The allocation management component gets an estimate \(a_{i}\) (arrival rate of requests) from the requested workload component for each application during the next controller interval. If there occur some deviations in arrival rate from the estimated value, then a load optimizer unit is initiated and the deviations are optimized with the optimizer unit. Here, \(a_{i}\) is the rate of arrival requests over the considered controller interval. From these arrived requests, some may be rejected because of resource limitations and so the actual arrival rate becomes lesser than \(a_{i}\). Among the processed set of requests, some may violate the agreed response time values and so they are not taken for the calculation of actual throughput, \(T_{i}\).

In case of fixed controller intervals, the events which are considerably smaller than the controller interval could mislead the allocation manager such as bulk quantum of requests (with less duration), coming from some applications can stop the allocation of resources to some other class of applications because of deficiency in resource availability and this will lead to heavy penalties to the provider. For minimizing this undesired effect, the requested workload component provides the estimated probability \((P_{i})\) of a class of requests having higher arrival rate for the next controller interval. The parameter \(P_{i}\) is to represent the certainty level to assure maximum profit to the provider for \(VM_{i}\), and it can be bypassed, to consider workload changes, by assigning a value 1.

To proceed with the analytical model, we assume that the application coming from a user is a unique entity and is submitted to particular VM. That is application coming from customer i is submitted to \(VM_{i}\) which is serviced in a mean service time \(S_{i}\), and the utilization value upper limit of \(VM_{i}\) is \(u_{i}\). In this model, each VM is eligible for a guaranteed fraction of available physical server and so we estimate the average service time by taking \(f_{i}\), the fraction of service time given to \(VM_{i}\), as \(S_{i}/f_{i}\). Correspondingly, resource allocation decision is the decision-making of allocation fractions \(f_{i}\) \((i=1,2 \ldots V)\) given to each \(VM_{i}\). So, \(f_{i}\) is viewed as the important decision variable in our resource allocation problem and analytical system model.

5 Experimental Analysis

We have conducted the experimental studies in an environment simulated by arena. The quantitative results are taken from two different VMs which are running on top of the same physical infrastructure. The experimentation of the proposed resource allocation model is done with a conservative admission control policy using tokens. That is, a fixed number of tokens are ready for a fixed slot and the transactions need to acquire these tokens for getting into the system.

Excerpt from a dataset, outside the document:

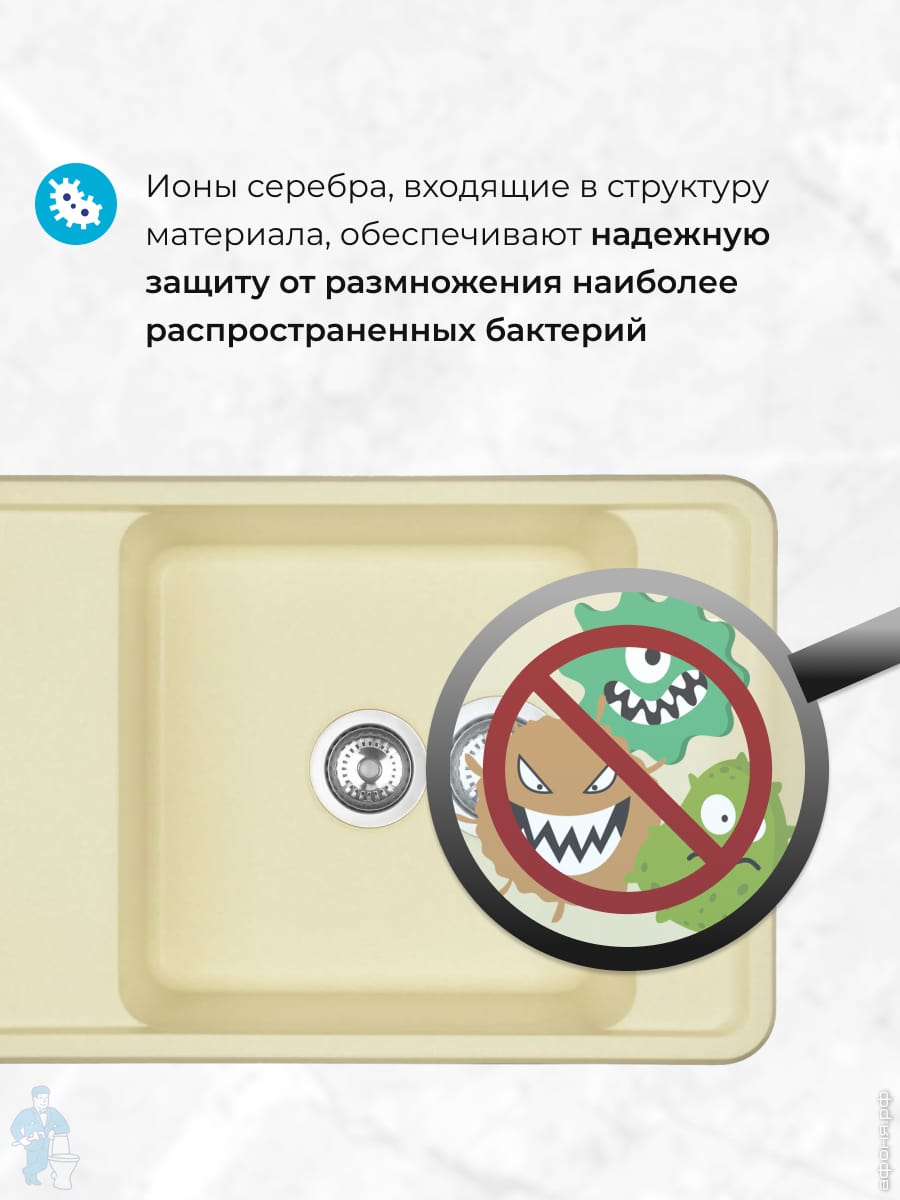 Покрытие Gelcoat обеспечивает высокую устойчивость к механическим воздействиям, которым подвергается поверхность мойки в процессе эксплуатации. Является стойким к большинству агрессивных и красящих веществ. Мойка обладает высокими бактерицидными свойствами и является экологически чистым изделием. Устойчива к резким перепадам температур.

The optimal allocation of created virtual machines according to varying workload is shown in Fig. 3, and the comparison between provisioning of resources within a single physical machine and a global system is illustrated in Fig. 4. The complete experimentation results are included in our next paper because of space restrictions.

Fig. 3
figure 3

VM management

Fig. 4
figure 4

VM management with reservation

6 Conclusion

We introduced a resource allocation system that is aware of the varying resource requirement in each application and adapt the system in a dynamic way. The proposed system is ready to self-organize resource provisioning according to the changing demand. We take into account both high-level performance goals of the hosted applications and objectives related to the placement of virtual machines on physical machines. An efficient way to express and quantify application satisfaction with regard to SLA is provided by using utility functions and is seen as a balanced trade-off between multiple objectives which might conflict with each other. The complete experimentation results are included in our second paper with all experimental investigations.